BEGIN
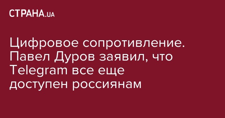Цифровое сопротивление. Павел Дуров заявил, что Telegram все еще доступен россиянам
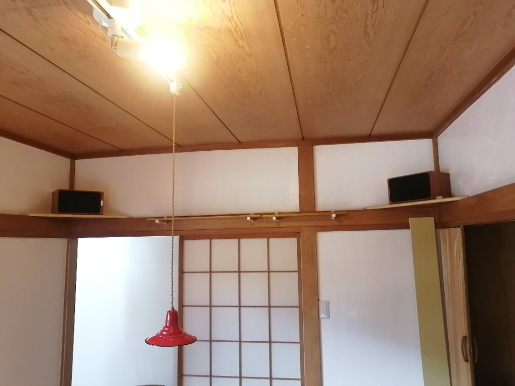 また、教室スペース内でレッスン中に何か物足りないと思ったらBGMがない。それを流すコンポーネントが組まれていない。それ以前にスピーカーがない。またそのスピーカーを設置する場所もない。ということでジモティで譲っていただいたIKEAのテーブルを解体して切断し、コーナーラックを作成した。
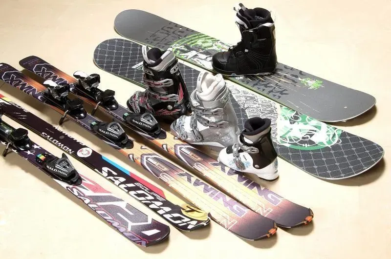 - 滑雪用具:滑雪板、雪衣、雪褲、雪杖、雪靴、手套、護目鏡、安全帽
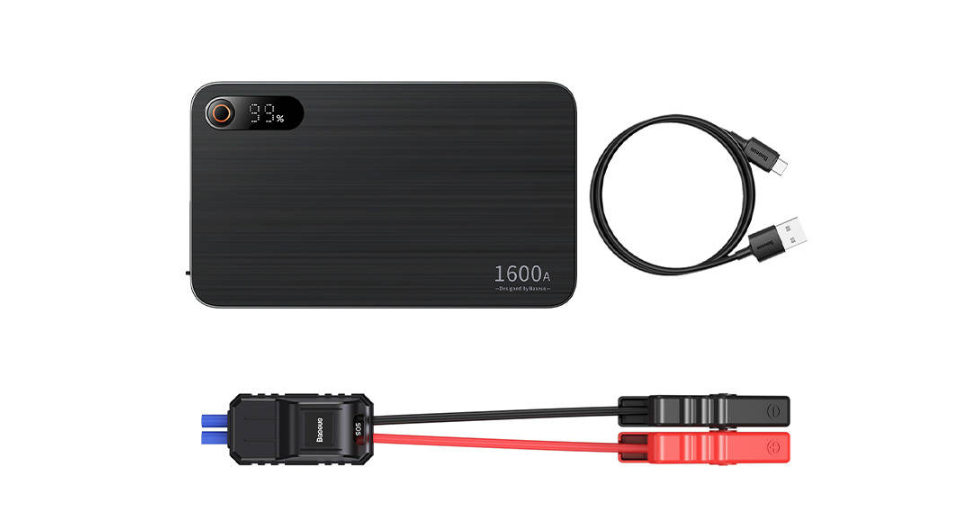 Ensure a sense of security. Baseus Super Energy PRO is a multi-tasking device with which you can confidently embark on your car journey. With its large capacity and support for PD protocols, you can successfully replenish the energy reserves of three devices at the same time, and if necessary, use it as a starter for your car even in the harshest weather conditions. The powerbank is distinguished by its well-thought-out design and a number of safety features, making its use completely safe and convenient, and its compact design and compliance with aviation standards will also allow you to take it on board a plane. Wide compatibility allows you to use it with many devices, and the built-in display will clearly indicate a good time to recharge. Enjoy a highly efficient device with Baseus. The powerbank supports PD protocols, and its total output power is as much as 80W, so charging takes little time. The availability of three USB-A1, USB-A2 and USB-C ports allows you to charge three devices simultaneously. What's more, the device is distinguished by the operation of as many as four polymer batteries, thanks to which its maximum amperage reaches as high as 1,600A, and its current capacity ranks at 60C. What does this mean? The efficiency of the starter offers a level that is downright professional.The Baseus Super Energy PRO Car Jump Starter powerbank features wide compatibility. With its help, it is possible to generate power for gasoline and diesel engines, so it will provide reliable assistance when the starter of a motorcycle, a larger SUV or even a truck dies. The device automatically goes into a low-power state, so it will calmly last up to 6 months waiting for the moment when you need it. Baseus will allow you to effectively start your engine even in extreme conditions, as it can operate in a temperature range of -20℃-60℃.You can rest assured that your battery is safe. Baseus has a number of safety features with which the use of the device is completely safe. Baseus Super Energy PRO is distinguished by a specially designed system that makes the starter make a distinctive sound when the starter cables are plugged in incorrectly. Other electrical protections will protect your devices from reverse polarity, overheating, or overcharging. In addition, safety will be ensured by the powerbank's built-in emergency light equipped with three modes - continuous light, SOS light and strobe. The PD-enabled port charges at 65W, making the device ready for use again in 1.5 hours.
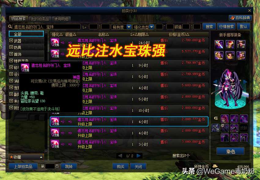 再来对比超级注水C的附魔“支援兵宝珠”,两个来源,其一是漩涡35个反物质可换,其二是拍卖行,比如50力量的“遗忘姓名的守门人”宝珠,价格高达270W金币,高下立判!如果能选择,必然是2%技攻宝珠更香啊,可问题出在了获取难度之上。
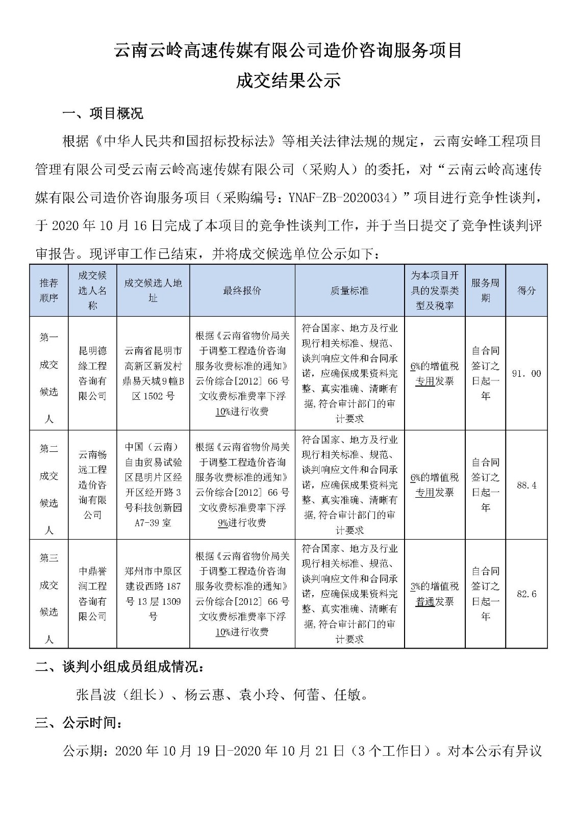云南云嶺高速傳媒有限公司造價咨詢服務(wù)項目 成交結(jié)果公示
END
▶ [About this task] Print only the lines from the opening line of the listing to the line containing "- 滑雪用具:滑雪板、雪衣、雪褲、雪杖、雪靴、手套、護目鏡、安全帽", inclusive, exactly as they appear and without pictures.

▶ [Solution for this task]
Цифровое сопротивление. Павел Дуров заявил, что Telegram все еще доступен россиянам
 また、教室スペース内でレッスン中に何か物足りないと思ったらBGMがない。それを流すコンポーネントが組まれていない。それ以前にスピーカーがない。またそのスピーカーを設置する場所もない。ということでジモティで譲っていただいたIKEAのテーブルを解体して切断し、コーナーラックを作成した。
 - 滑雪用具:滑雪板、雪衣、雪褲、雪杖、雪靴、手套、護目鏡、安全帽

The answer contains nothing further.